It's a Man's World is an American comedy-drama television series starring Glenn Corbett which aired on NBC from September 17, 1962, to January 28, 1963.

== Plot ==
Tom, Vern, and Wes are young men living on a houseboat called Elephant in the Ohio River. Wes is a local, but Tom (nicknamed Tom-Tom) is from Chicago and Vern is from North Carolina. The boat is docked near a service station owned by Mr. Stott, who serves as a grouchy father figure to the men. Wes has a serious girlfriend, Irene, who attends Cordella College along with Wes and Tom. Wes' orphaned little brother Howie also lives with them. The custody agreement states that Howie must be raised in an upstanding environment, which cramps the style of the fun-loving dudes.

== Cast ==
- Glenn Corbett as Wes Macauley
- Michael Burns as Howie Macauley
- Ted Bessell as Tom-Tom DeWitt
- Randy Boone as Vern Hodges
- Harry Harvey as Houghton Stott
- Jan Norris as Irene Hoff
- Kate Murtaugh as Mrs.
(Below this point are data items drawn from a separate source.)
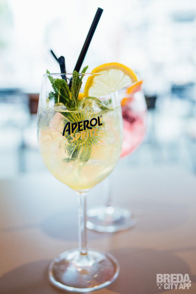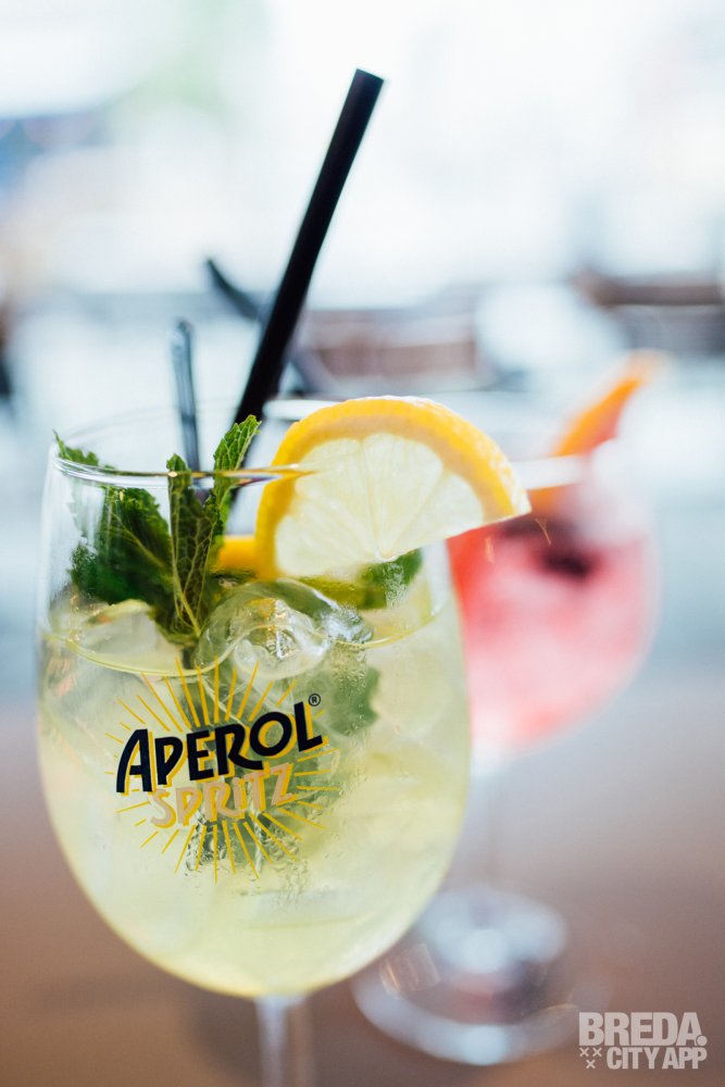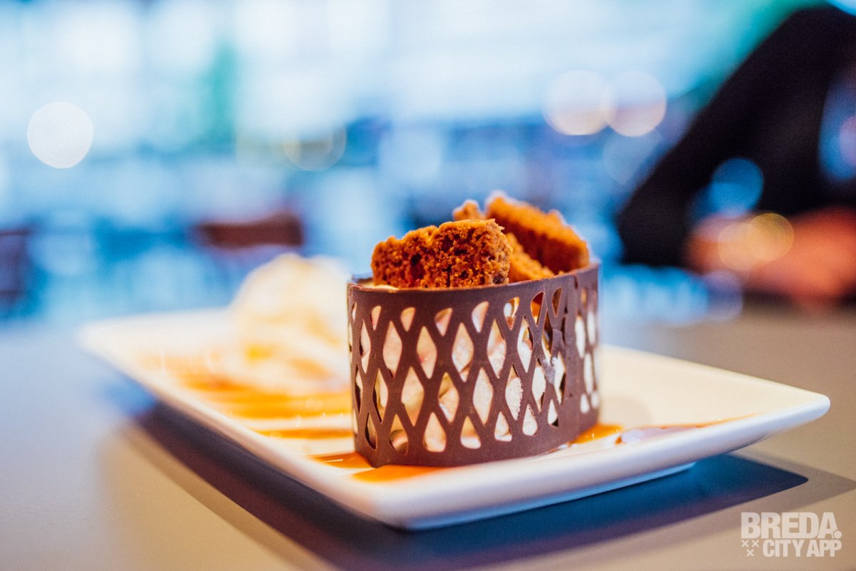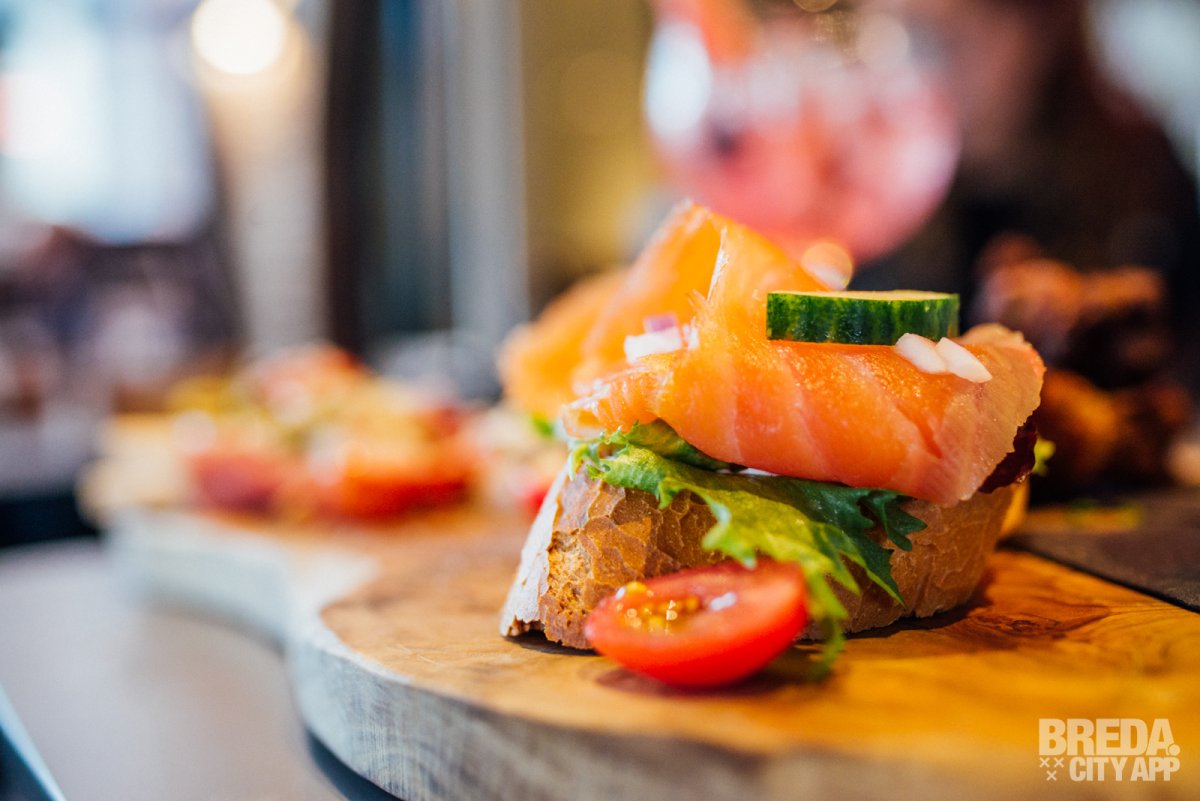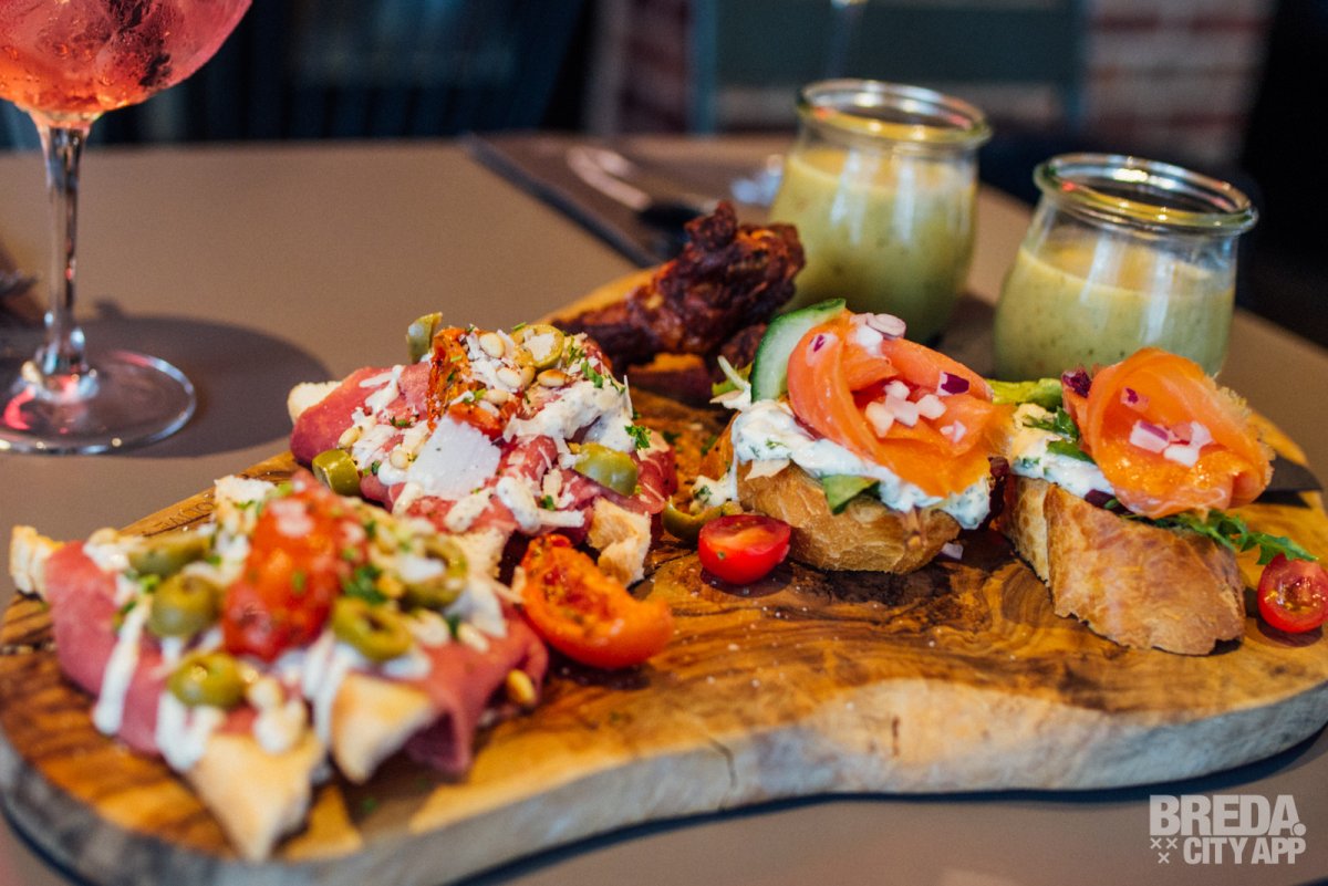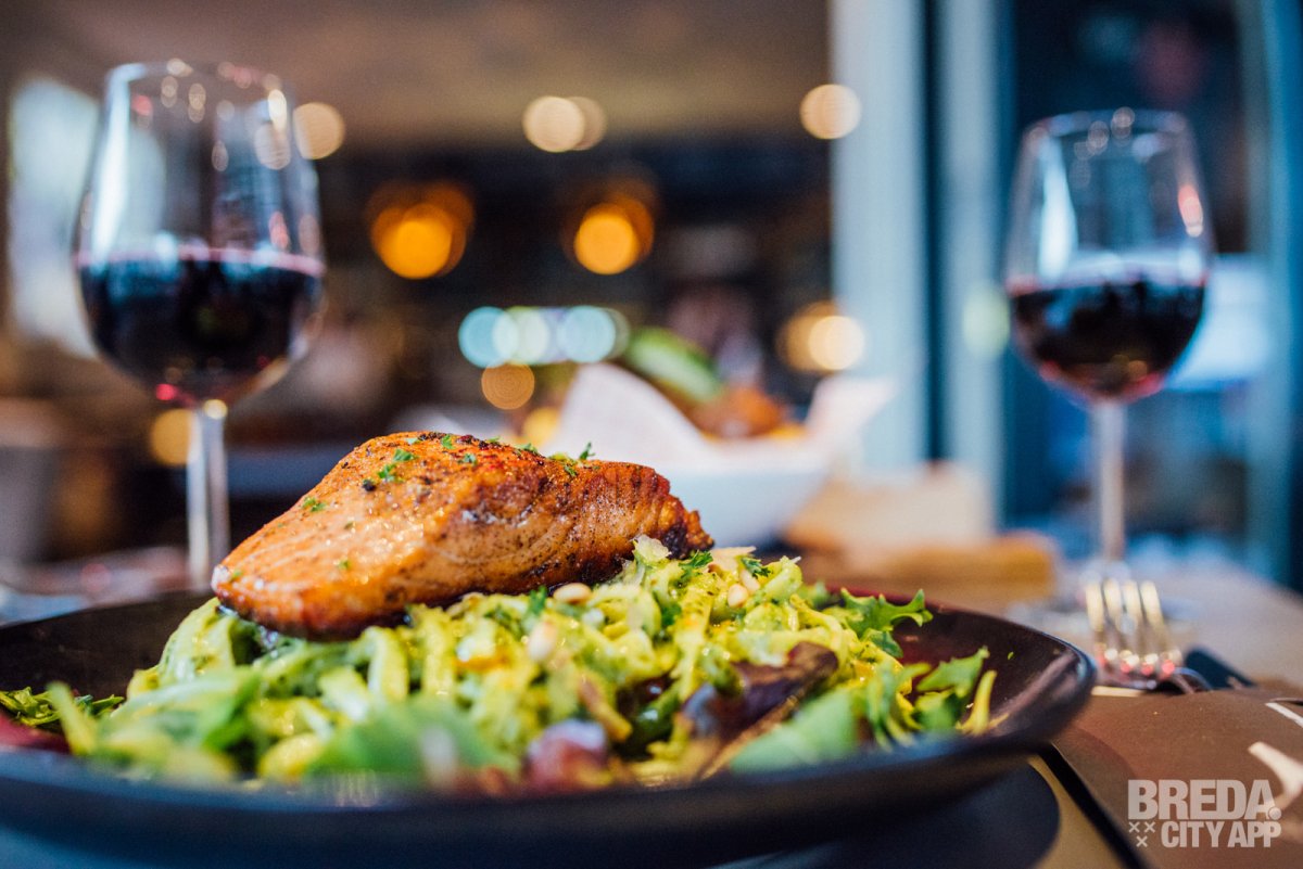 Het restaurant beschikt over een splinternieuw, modern terras waar je buiten in de zon kunt zitten. Waait het? Dan kunnen de zijkanten van het terras dicht, zodat je daar geen last van hebt. Is het een beetje fris? Dan kunnen de warmtelampen aan. Vandaag is het niet warm buiten en helaas een regenachtige dag, dus we nemen plaats aan een tafeltje onder de luifel. Door de warmtelampen hebben we nergens last van en genieten we van het uitzicht op Van Coothplein en het begin van de winkelstraat van Breda.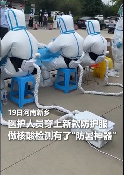 虽已立秋,气候依然炎热抗疫一线医护尤其是核酸检测员常常被严实的防护服包裹得密不透风,闷热难耐日前,一款新型防护服开始在许多地方应用圆鼓鼓的充气外表看起来十分可爱网友点赞:……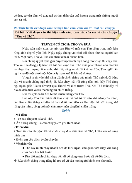 Đề bài: Viết đoạn văn thể hiện tình cảm, cảm xúc của em về câu chuyện “Rùa và Thỏ”.
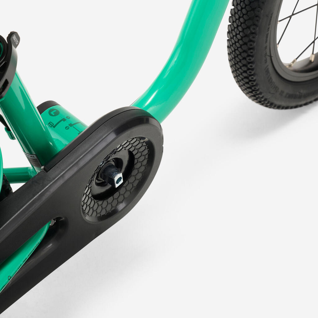 Kako bismo sprečili da deca stavljaju prste gde ne bi smela, mehanički elementi pogonskog sklopa (poluga, lanac, spojnica itd.) zaštićeni su posebnim štitnikom. Time se ujedno sprečava rizik od upetljavanja pertli ili prljanja odeće.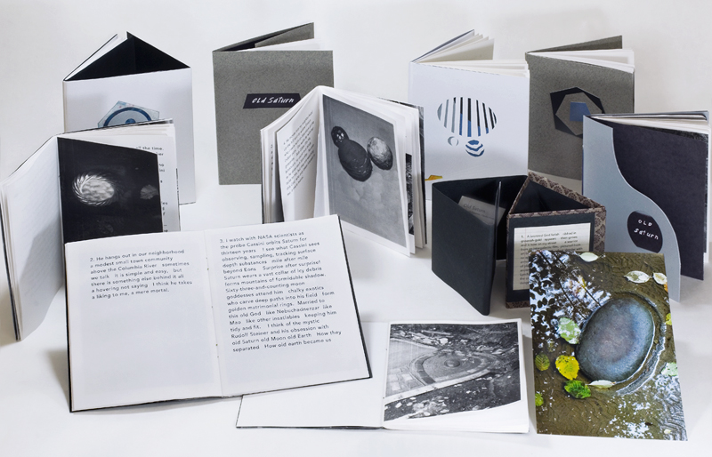 Sometimes a dream just won’t let go...I get intimate with a bronze god, go to Saturn along with Cassini, the NASA probe. We carve rings together into the stardust that circumnavigate this ancient planet. The dream turned into Old Saturn, 10 unique fascicles—different in size, cover design and materials, but sharing the same text. The concrete project continues to continue.

Iona Dobson
- Scott White as Virgil Dobson
- Jeanine Cashell as Alma Jean Dobson
- Ann Schuyler as Nora

== Episodes ==

| No. | Title | Directed by | Written by | Original release date |
|---|---|---|---|---|
| 1 | "Four to Go" | Peter Tewksbury | Jim Leighton & James Menzies | September 17, 1962 |
| 2 | "Stir Crazy" | Peter Tewksbury | Peter Tewksbury & Jim Leighton | September 24, 1962 |
| 3 | "Molly Pitcher and the Green-Eyed Monster" | Peter Tewksbury | Story by : James Menzies Teleplay by : David Duncan | October 1, 1962 |
| 4 | "Winning His Way" | Peter Tewksbury | John McGreevey | October 8, 1962 |
| 5 | "Drive Over to Exeter" | Peter Tewksbury | Story by : Jim Leighton Teleplay by : Earl Hamner Jr. | October 22, 1962 |
| 6 | "The Beavers and the Otters" | Peter Tewksbury | Ben Masselink & Jim Leighton | October 29, 1962 |
| 7 | "Howie's Adventure" | Peter Tewksbury | Peter Tewksbury & Jim Leighton | November 5, 1962 |
| 8 | "The Bravest Man in Cordella" | Peter Tewksbury | Elliot L. Sims | November 12, 1962 |
| 9 | "The Man on the Second Floor" | Peter Tewksbury | Story by : Jim Leighton Teleplay by : John McGreevey | November 19, 1962 |
| 10 | "I Count My Life in Coffee Cups" | Peter Tewksbury | William Blinn & Michael Gleason | November 26, 1962 |
| 11 | "Chicago Gains a Number" | Lamont Johnson | Elliot L. Sims | December 3, 1962 |
| 12 | "The Macauley Profile" | Peter Tewksbury | Hal J. Todd | December 10, 1962 |
| 13 | "The Long Short Cut" | Peter Tewksbury | Peter Tewksbury & Jim Leighton | December 17, 1962 |
| 14 | "The Long Way Around" | Peter Tewksbury | Robert Bassing | December 24, 1962 |
| 15 | "Night Beat of the Tom-Tom" | Lamont Johnson | David Duncan & Jim Leighton | December 31, 1962 |
| 16 | "Hour of Truth" | Hal J. Todd | William Blinn & Michael Gleason | January 7, 1963 |
| 17 | "The Unbalanced Line" | Hal J. Todd | Story by : James Bonnett Teleplay by : Jim Leighton & James Menzies | January 14, 1963 |
| 18 | "Mutiny on the Elephant" | Peter Tewksbury | Elliot L. Sims | January 21, 1963 |
| 19 | "Winter Story" | Hal J. Todd | Jim Leighton & James Menzies | January 28, 1963 |

==Production==
Revue Productions packaged the series, which was filmed at Revue Studios in Universal City, California. Peter Tewksbury created the show and was the producer and director. Jack Marshall provided the music. The series was broadcast on Mondays from 7:30 to 8:30 p.m. Eastern Time.

==Critical response==
A review in The New York Times said that It's a Man's World "is not really that good". The review noted that the houseboat setting was not typical for a group of young men and said that the characters were often boring.

==Aftermath==
After the show was cancelled as of mid-January 1963, Corbett found work almost immediately on the already-airing show Route 66. Route 66 was thematically similar to It's A Man's World, exploring many of the same issues of American life, particularly the issues of restlessness and idealism. Corbett began his co-starring role as Lincoln Case on Route 66 in March, 1963.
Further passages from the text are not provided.